- _Input records_
+ + +

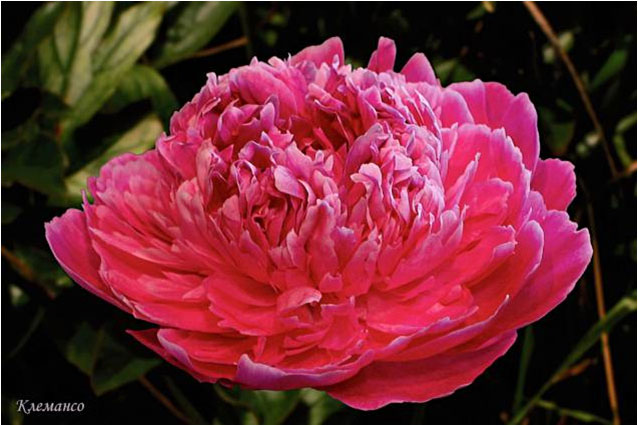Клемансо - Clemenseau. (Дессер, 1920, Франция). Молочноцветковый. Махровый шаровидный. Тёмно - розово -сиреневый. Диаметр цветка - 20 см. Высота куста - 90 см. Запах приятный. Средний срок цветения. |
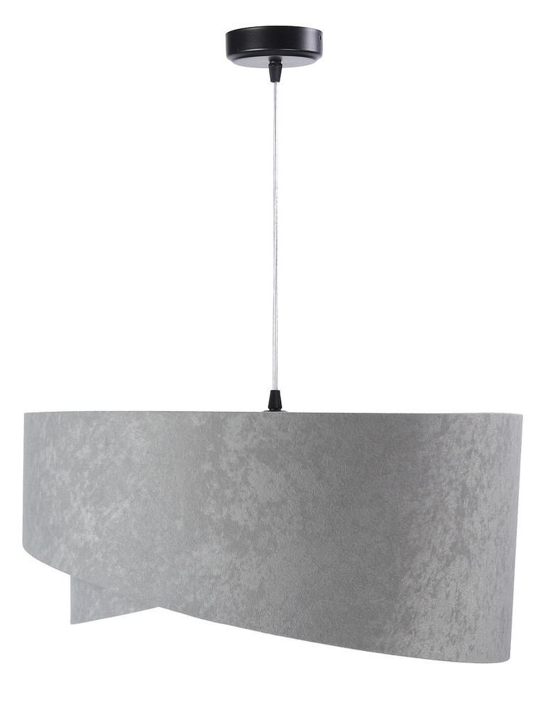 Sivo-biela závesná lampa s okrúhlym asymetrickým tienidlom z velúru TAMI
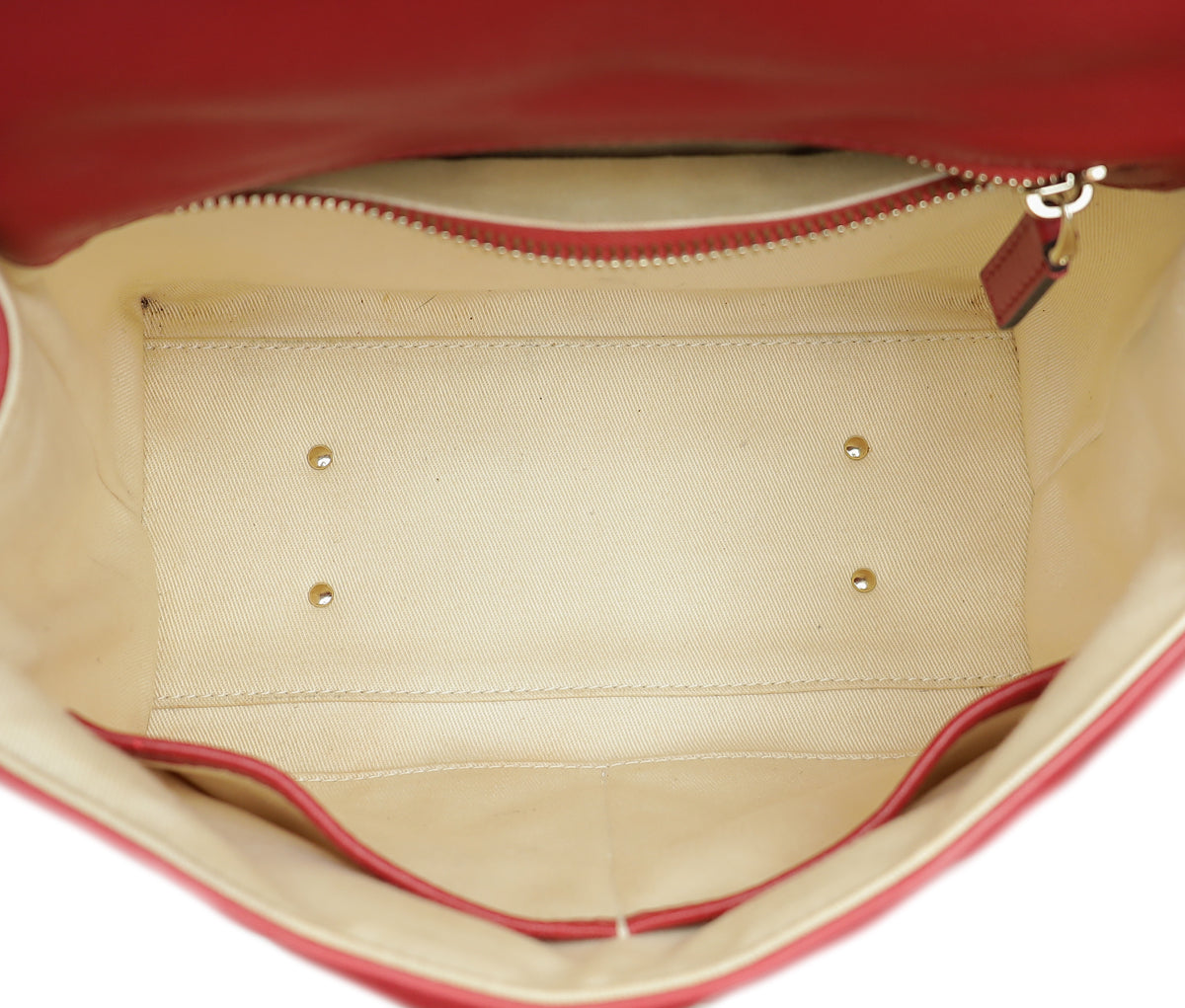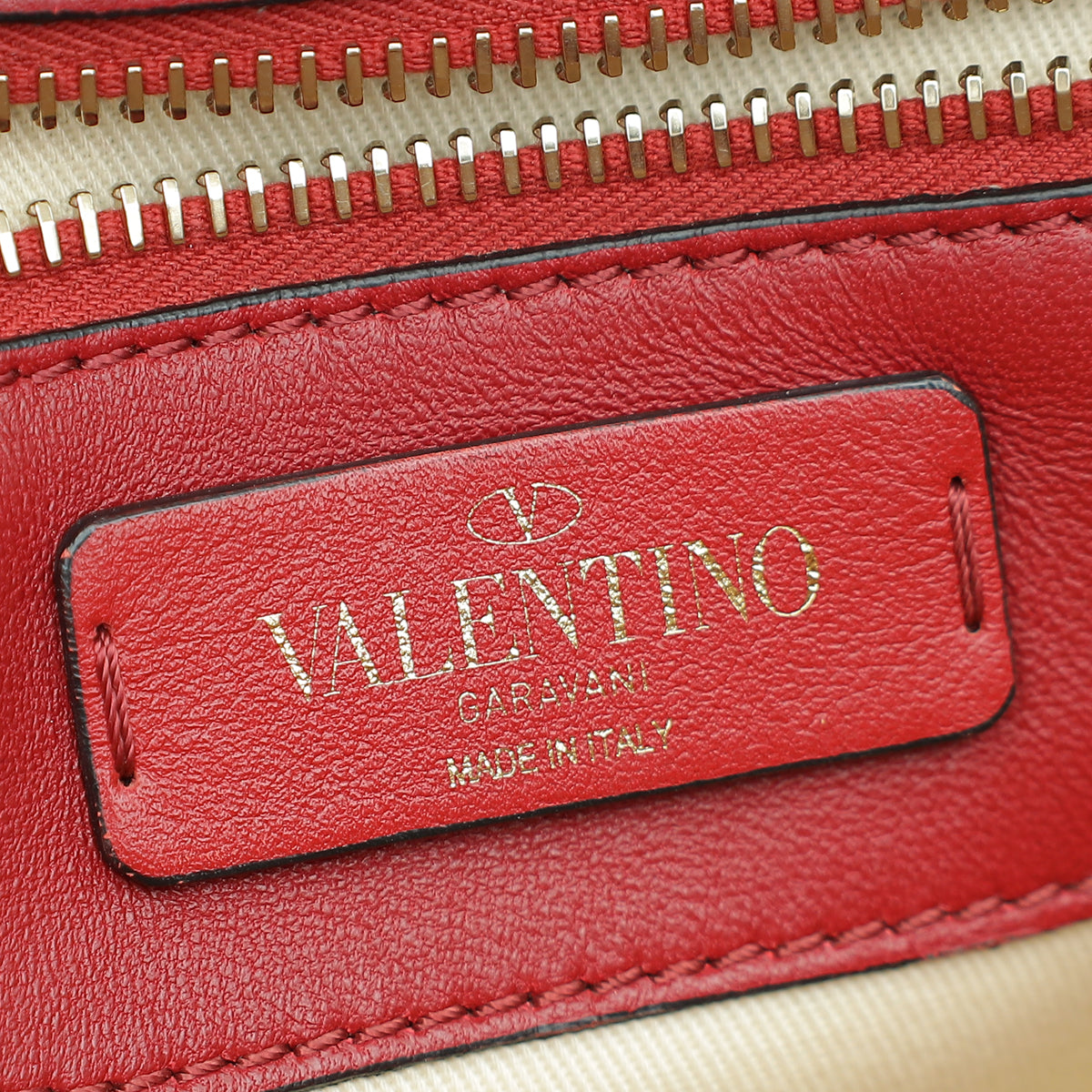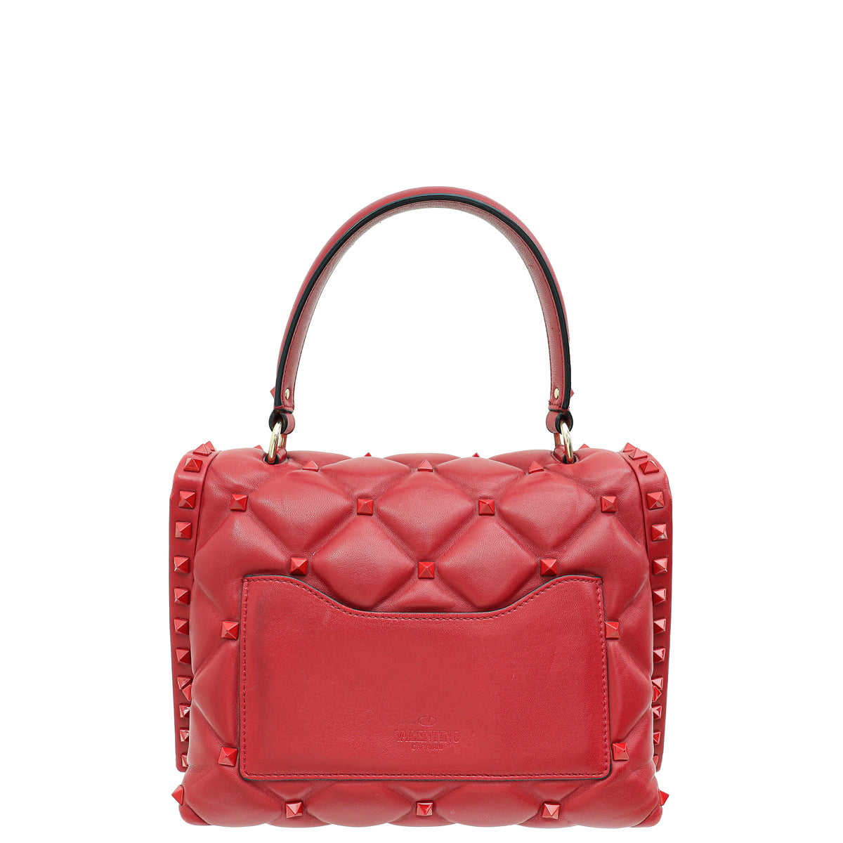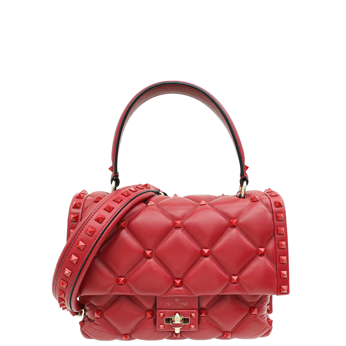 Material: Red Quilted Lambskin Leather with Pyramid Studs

+ + +

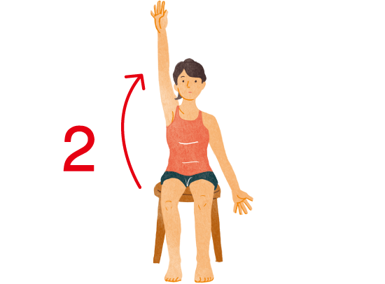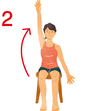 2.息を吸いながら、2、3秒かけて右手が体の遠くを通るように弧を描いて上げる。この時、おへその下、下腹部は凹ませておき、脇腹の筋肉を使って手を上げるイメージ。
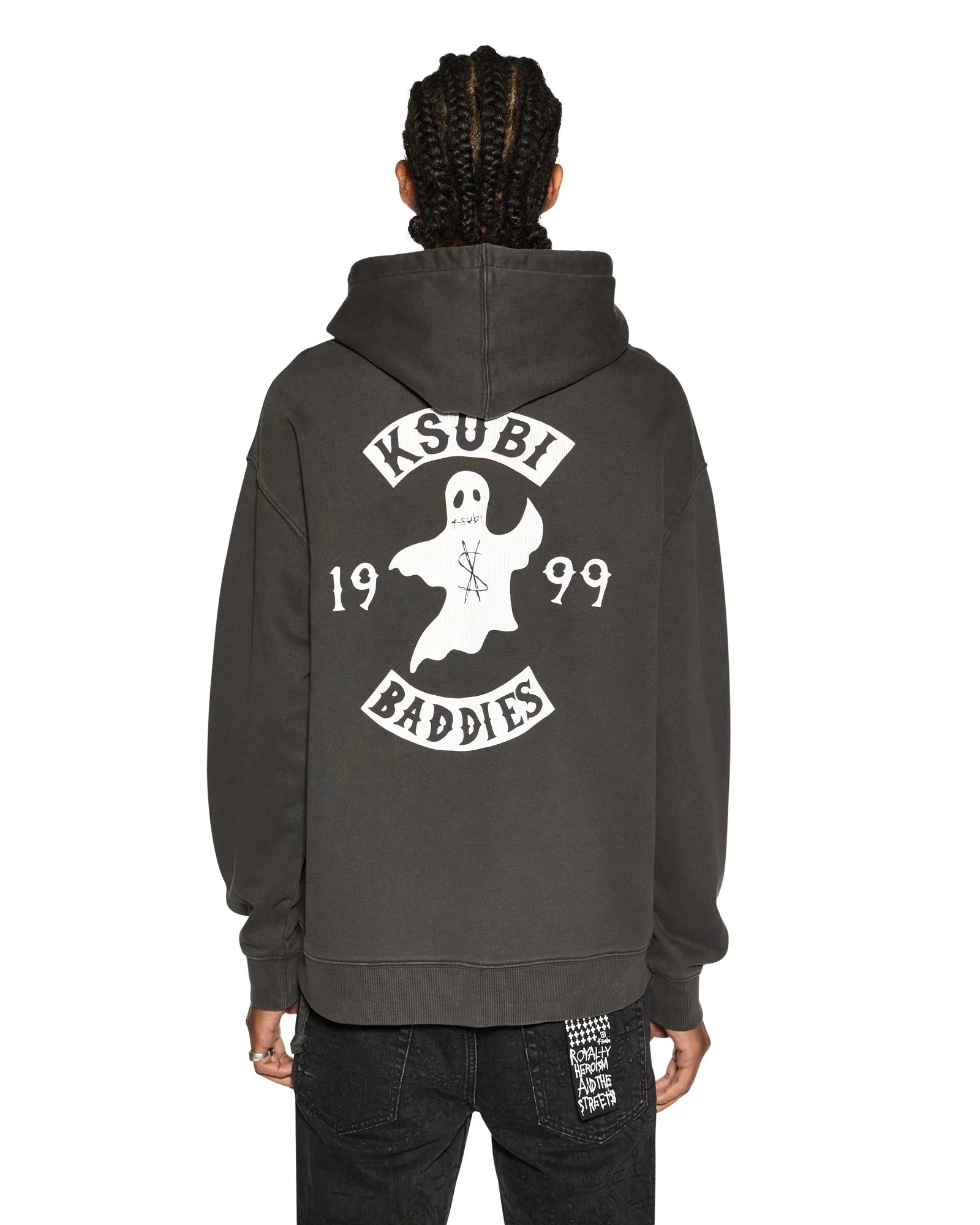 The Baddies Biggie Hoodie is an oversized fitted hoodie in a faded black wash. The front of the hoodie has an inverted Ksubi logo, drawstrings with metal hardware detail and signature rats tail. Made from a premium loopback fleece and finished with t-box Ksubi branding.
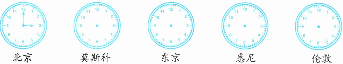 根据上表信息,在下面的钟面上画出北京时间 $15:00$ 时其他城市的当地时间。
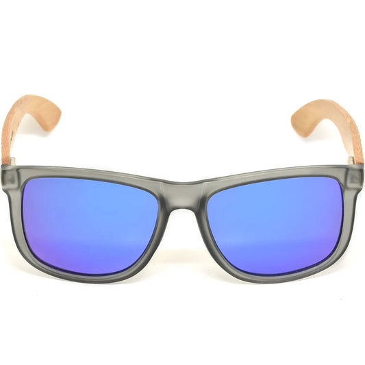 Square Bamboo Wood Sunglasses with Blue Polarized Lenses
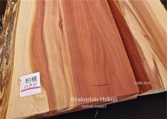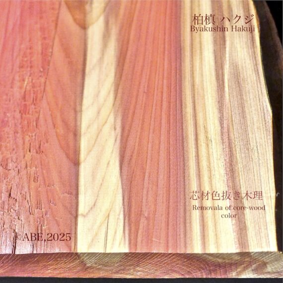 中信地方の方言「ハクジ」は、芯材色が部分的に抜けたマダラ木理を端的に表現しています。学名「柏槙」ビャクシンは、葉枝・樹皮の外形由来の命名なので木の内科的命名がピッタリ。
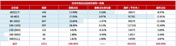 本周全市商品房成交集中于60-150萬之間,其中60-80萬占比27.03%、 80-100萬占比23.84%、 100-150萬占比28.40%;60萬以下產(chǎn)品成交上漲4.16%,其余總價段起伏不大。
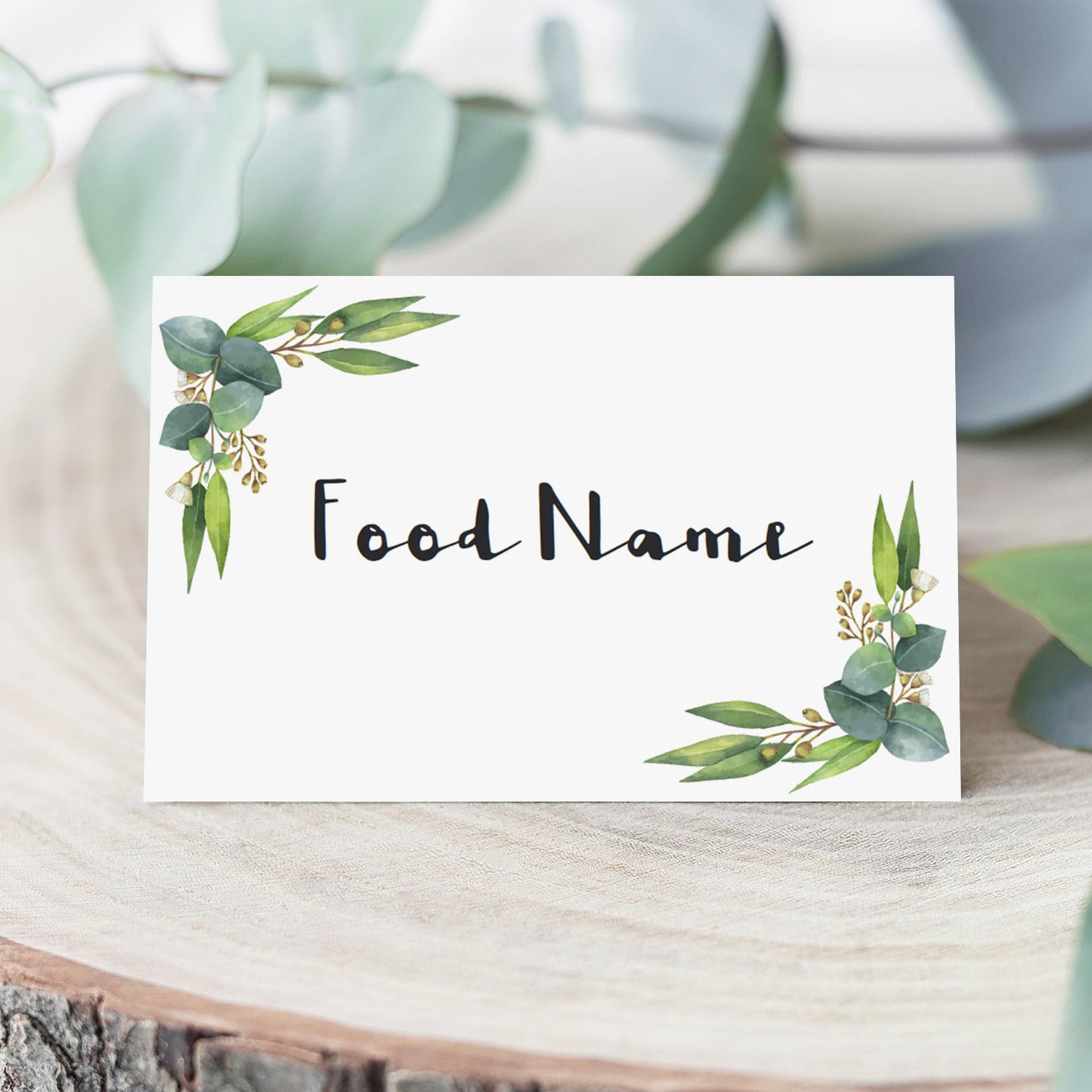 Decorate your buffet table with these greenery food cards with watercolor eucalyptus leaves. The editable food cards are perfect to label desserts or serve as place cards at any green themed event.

+ + +

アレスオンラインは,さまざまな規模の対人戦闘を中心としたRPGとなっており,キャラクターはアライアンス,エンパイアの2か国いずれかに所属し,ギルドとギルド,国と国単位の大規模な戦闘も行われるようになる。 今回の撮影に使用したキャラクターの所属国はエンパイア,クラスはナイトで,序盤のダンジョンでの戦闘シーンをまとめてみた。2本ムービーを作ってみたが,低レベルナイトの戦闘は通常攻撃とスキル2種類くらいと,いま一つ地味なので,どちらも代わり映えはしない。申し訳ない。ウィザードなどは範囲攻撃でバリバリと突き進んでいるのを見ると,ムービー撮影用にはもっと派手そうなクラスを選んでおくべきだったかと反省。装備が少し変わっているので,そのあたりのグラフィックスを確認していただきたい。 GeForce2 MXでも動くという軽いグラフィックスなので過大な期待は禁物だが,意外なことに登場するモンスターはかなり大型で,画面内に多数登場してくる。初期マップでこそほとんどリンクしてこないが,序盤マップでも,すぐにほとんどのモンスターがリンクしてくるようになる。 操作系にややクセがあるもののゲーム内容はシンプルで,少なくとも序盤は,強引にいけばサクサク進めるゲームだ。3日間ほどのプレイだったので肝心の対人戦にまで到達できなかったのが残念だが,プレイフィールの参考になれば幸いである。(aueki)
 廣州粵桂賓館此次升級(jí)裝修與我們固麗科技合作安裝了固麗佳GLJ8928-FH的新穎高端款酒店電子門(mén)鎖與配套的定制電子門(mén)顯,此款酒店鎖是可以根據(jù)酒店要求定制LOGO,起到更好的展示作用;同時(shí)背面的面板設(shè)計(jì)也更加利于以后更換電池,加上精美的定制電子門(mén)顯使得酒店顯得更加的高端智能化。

+ + +

- _What you should do_
The response must repeat exactly the lines above from the one with "Клемансо - Clemenseau." through the one with "Material: Red Quilted", including both, and must contain no pictures and no other text.

- _Expected output_
Клемансо - Clemenseau. (Дессер, 1920, Франция). Молочноцветковый. Махровый шаровидный. Тёмно - розово -сиреневый. Диаметр цветка - 20 см. Высота куста - 90 см. Запах приятный. Средний срок цветения. |
 Sivo-biela závesná lampa s okrúhlym asymetrickým tienidlom z velúru TAMI
 Material: Red Quilted Lambskin Leather with Pyramid Studs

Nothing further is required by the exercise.